In a recent post at the Washington Post, Rev. Richard Cizik joins a growing chorus of progressive evangelicals in accusing conservative Christians of showing little concern for the poor.

This week at AEI’s Values and Capitalism, I offer my critique, noting that Cizik relies on the same demagogic straw-man argument that progressive evangelicals utilize time and time again: that conservative Christians oppose progressive policies not because we find them ineffective or counterproductive, but because we hate the poor and love corporations.

First, I try to examine the false assumptions underlying Cizik’s approach to socio-economic engagement:

What Cizik so clearly misses is that a proper view of collective responsibility cannot exist without a proper view of individual responsibility. It’s not about “embracing” one and “rejecting” the other, as most conservatives well understand. It’s about starting in the right place and achieving collective virtue authentically rather than forcibly.

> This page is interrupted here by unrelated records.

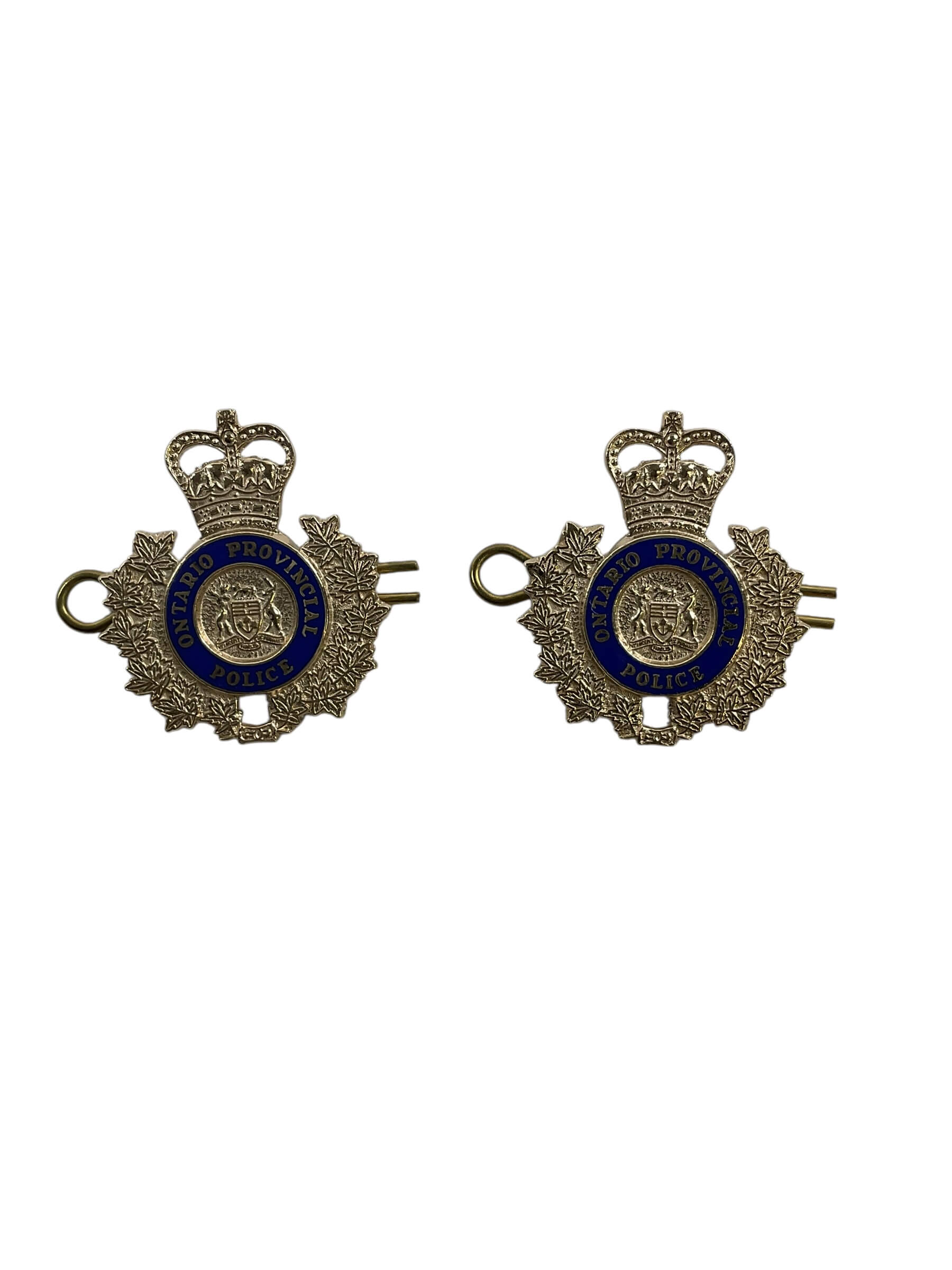 This item, titled ‘Canadian Ontario Provincial Police OPP Collars Insignia Pair’, is a set of two distinct insignias, designed to adorn the collars of Ontario’s Provincial Police uniforms. Each piece is meticulously crafted to embody the prestige and honor associated with this esteemed Canadian law enforcement agency. The insignias exhibit high-quality workmanship, featuring the OPP’s iconic emblem with immaculate detailing and precision. Made from durable materials, these insignias are designed to withstand the rigours of daily use while retaining their polish and shine. Ideal for collectors, retired officers, or those serving in the line of duty, these insignias represent a tangible piece of the OPP’s legacy. This pair of collar insignias serves as a symbol of commitment, courage, and service, embodying the spirit of Ontario’s Provincial Police force.
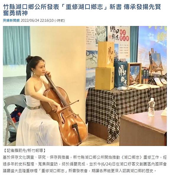 新竹縣湖口鄉公所今日這場「重修湖口鄉志」新書發表會,邀請竹縣府民政處長賴江海及湖口鄉民代等多位貴賓共襄盛舉,活動首先開場是主辦單位精心安排的特色表演,邀請「竹塹公主」才藝網紅賴立文表演大提琴,在悠揚的古典琴音中,現場與會貴賓們沉浸在史書和樂聲的文化激盪共融中,透過大提琴音樂聲傳遞「重修湖口鄉志」新書編纂過程之刻骨銘心的文化傳承;表演過後,現場抱以熱烈掌聲稱許,讓人感動之餘,並讚佩主辦單位將一場文化活動成功挹注美妙琴音樂章,突顯這本鄉志新書在湖口鄉發展過程中扮演重要文獻之歷史地位。
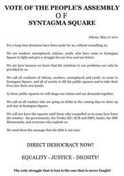 | Keywords: Vote of the People's Assembly of Syntagma Square.svg en The first vote of the People's Assembly of Syntagma Square at the ongoing protests all over Greece The vote summarizes the demands of the demonstrations across the country own based on the official text http //real-democracy gr/el/ CF 88 CE AE CF 86 CE B9 CF 83 CE BC CE B1- CE BB CE B1 CF 8A CE BA CE AE CF 82- CF 83 CF 85 CE BD CE AD CE BB CE B5 CF 85 CF 83 CE B7 CF 82- CF 80 CE BB CE B1 CF 84 CE B5 CE AF CE B1 CF 82- CF 83 CF 85 CE BD CF 84 CE AC CE B3 CE BC CE B1 CF 84 CE BF CF 82-0 here Philly boy92 2011-05 PD-ineligible Cc-zero Indignados Athens |
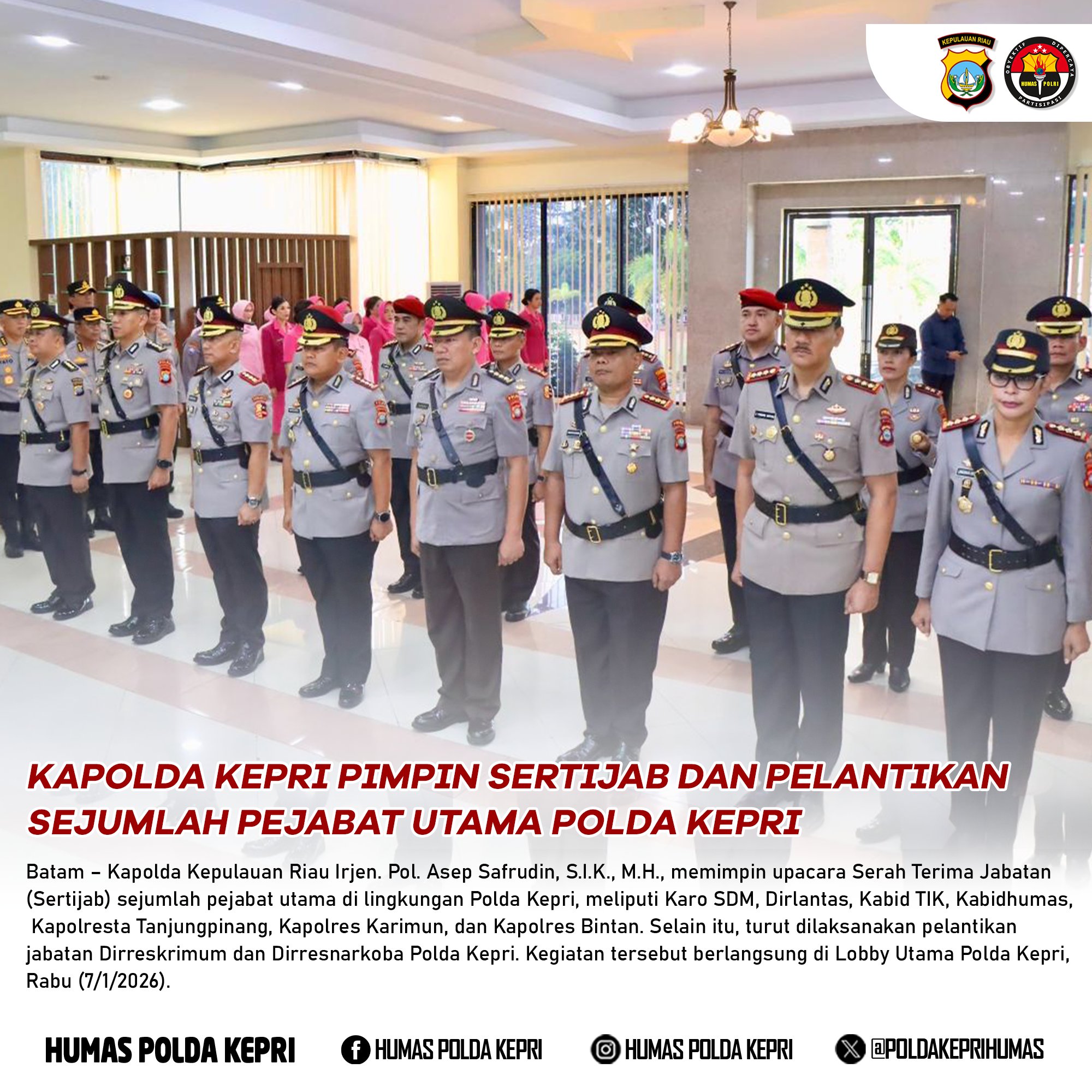 Batam, intuisi.net – Kapolda Kepulauan Riau (Kepri) Irjen. Pol. Asep Safrudin, S.I.K., M.H., memimpin upacara Serah Terima Jabatan (Sertijab) dan Pelantikan sejumlah Pejabat Utama (PJU) Polda Kepri di Lobby Utama Mapolda Kepri.

If you doubt the need for such an integrated approach, look no further than the “Occupy” movement, in which masses of unproductive, self-absorbed blame-shifters assume radical, collective-centric poses so narrow that the “community” has become nothing more than a means for avoiding individual duties and fulfilling a lust for material security. Without a grasp of where responsibility begins, “promoting the common good” quickly diminishes into a short-sighted pig-out at the communal feeding trough.

Next, I move on to Cizik’s claims that conservative Christians are apathetic toward the poor (and the Bible?), as well as calculating political power-grabbers:

It’s not that we think supply side economics create strong economies and benefit everyone across the economic spectrum (including, ahem, the poor). It’s not that we think free exchange and accurate prices create opportunities for real, sustainable growth and economy recovery. It’s not that we think the modern public education system hurts the poor and minimum wage laws lead to poverty traps. It’s not that we think most progressive social programs lead to dehumanization, dependency and economic slavery.

No. It’s because we have a fetish for fat cats and we’re brainwashed by clever marketing. Obviously.

If Cizik is truly interested in a constructive conversation, he should recognize that it gets him nowhere to sideline our concerns about his “pro-poor” policies and elevate his progressive approach as the obvious fulfillment of the Sermon on the Mount. If he is really interested in persuading us toward his supposedly Christian outlook, he should start by explaining why and how these programs are, in fact, “pro-poor,” and how a proper Christian anthropology starts with coercion and manipulation. Instead of claiming our reasons to be purely political, he should explain how exactly his blatant desire to increase political power is somehow less so.